By now, you should have the files `labeledTrainData.tsv` and `testData.tsv` in a folder named `ldsa-dl-course-data` in your Google Drive. If you don't, please check the README file of Unit 2 for instructions.

This notebook already contains implementations of bag-of-Words, the data loaders and the model definition as per the videos 8.2. Make sure to carefully review the code and then implement the training loop using vanilla Pytorch following this [reference notebook](https://github.com/Lightning-AI/dl-fundamentals/blob/main/unit04-multilayer-nets/4.3-mlp-pytorch/4.3-mlp-pytorch-part3-5-mnist/4.3-mlp-pytorch-part5-mnist.ipynb) that was shown in 4.3

## 1) Setup

In [None]:
from google.colab import drive

drive.mount("/content/drive")

In [None]:
!pip install wandb --quiet

In [None]:
import wandb

# This will open a window so you can login to W&B on Google Colab.
# If that doesn't work, set your W&B API key below
# If you do, remove your key before publishing to GitHub.

# %env WANDB_API_KEY=YOUR_WANDB_API_KEY
wandb.login()

## 2) Load the train **dataset**

Load the train dataset from the tsv files stored in your Google Drive.

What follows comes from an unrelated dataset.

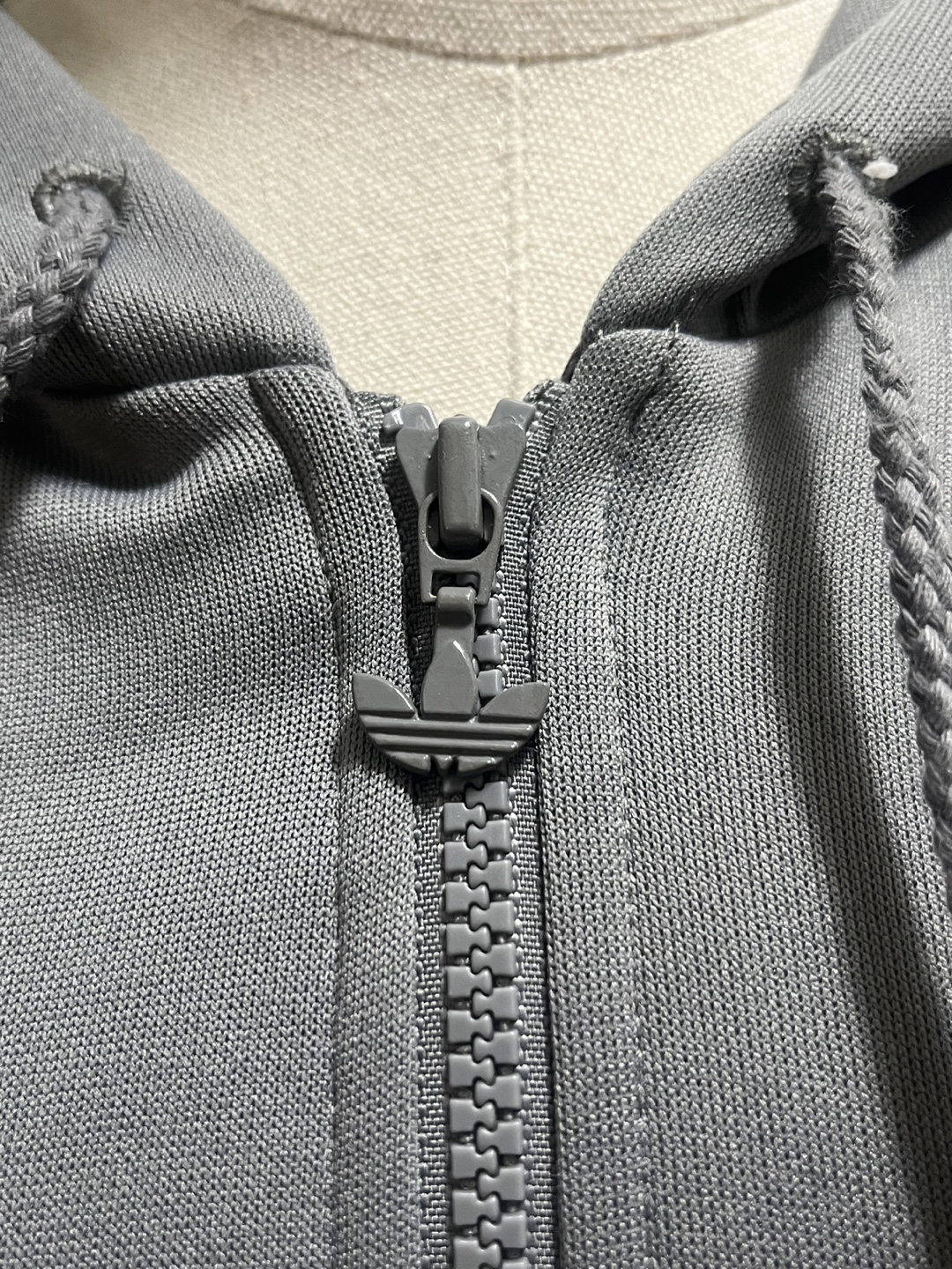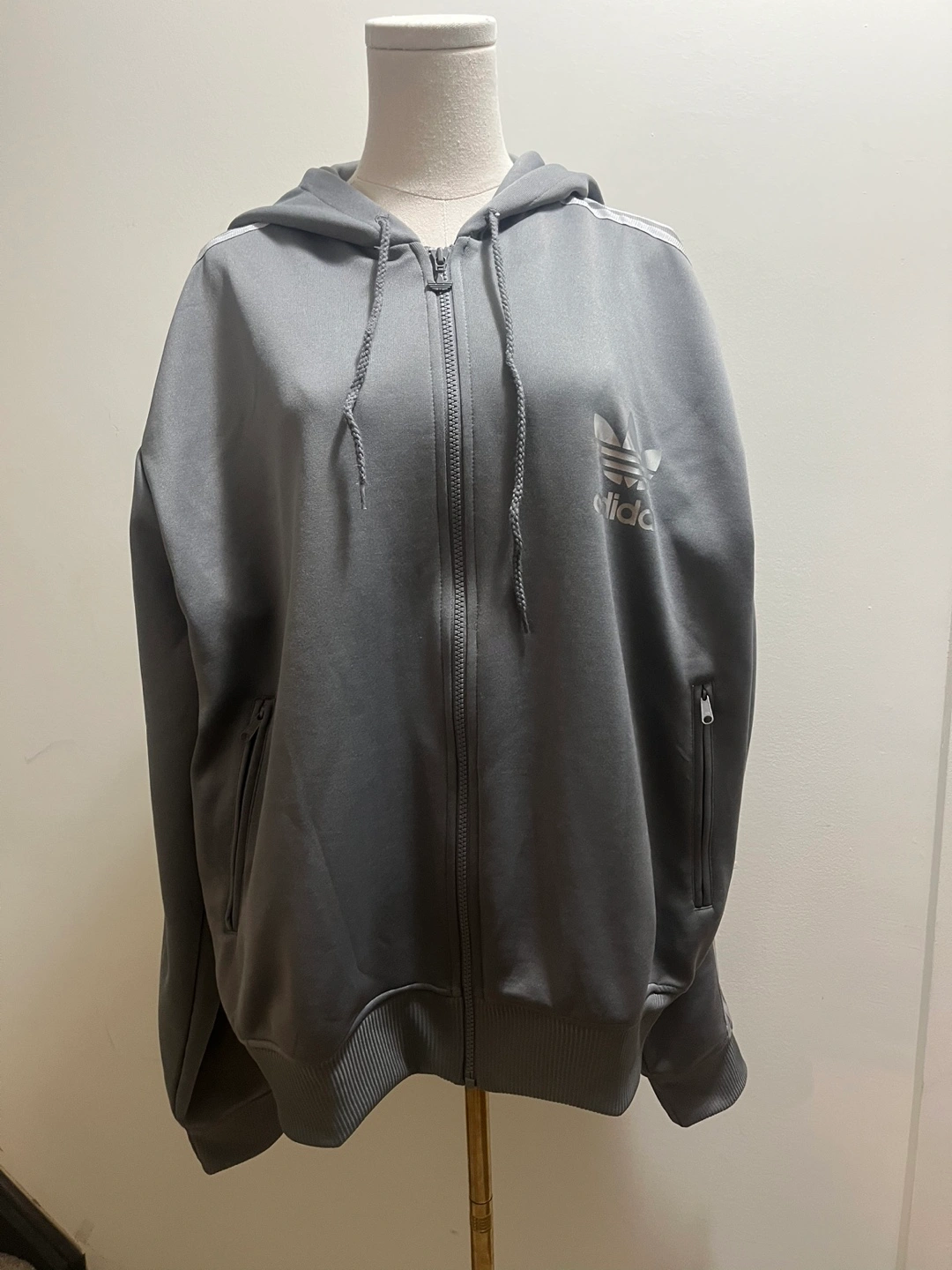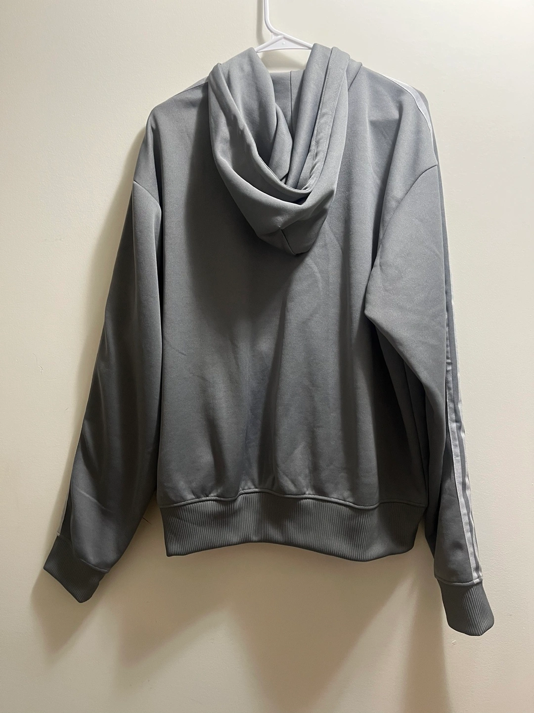 Grey hoodie with Adidas logo and signature stripes down the shoulder. Full-zip design.

Split it into train and validation datasets.

In [None]:
import pandas as pd

In [None]:
df = pd.read_csv(
    "/content/drive/My Drive/ldsa-dl-course-data/labeledTrainData.tsv",
    header=0,
    delimiter="\t",
    quoting=3,
)

df_shuffled = df.sample(frac=1, random_state=1).reset_index()

df_train = df_shuffled.iloc[:20000]
df_val = df_shuffled.iloc[20000:25000]

## 3) Vectorization

Use Bag-of-Words for vectorizing the dataset.

In [None]:
from sklearn.feature_extraction.text import CountVectorizer

In [None]:
cv = CountVectorizer(lowercase=True, max_features=10_000, stop_words="english")

cv.fit(df_train["review"])

X_train = cv.transform(df_train["review"])
X_val = cv.transform(df_val["review"])

## 4) Data loader

Create a data PyTorch `Dataset` and corresponding `DataLoader` for the train and validation datasets.

In [None]:
import torch
from torch.utils.data import Dataset, DataLoader

In [None]:
class TextDataset(Dataset):
    def __init__(self, X, y):
        self.features = torch.tensor(X, dtype=torch.float32)
        self.labels = torch.tensor(y, dtype=torch.int64)

    def __getitem__(self, index):
        x = self.features[index]
        y = self.labels[index]
        return x, y

    def __len__(self):
        return self.labels.shape[0]

In [None]:
train_ds = TextDataset(X_train.todense(), df_train["sentiment"].values)

train_loader = DataLoader(
    dataset=train_ds,
    batch_size=32,
    shuffle=True,
)

In [None]:
val_ds = TextDataset(X_val.todense(), df_val["sentiment"].values)

val_loader = DataLoader(
    dataset=val_ds,
    batch_size=32,
    shuffle=True,
)

In [None]:
for batch_idx, (features, class_labels) in enumerate(train_loader):
    break

features.shape

## 5) Model definition

Define a PyTorch model.

In [None]:
class LogisticRegression(torch.nn.Module):
    def __init__(self, num_features, num_classes):
        super().__init__()
        self.linear = torch.nn.Linear(num_features, num_classes)

    def forward(self, x):
        logits = self.linear(x)
        return logits


model = LogisticRegression(num_features=10_000, num_classes=2)

## 6) Model training

Define your training loop using vanilla PyTorch.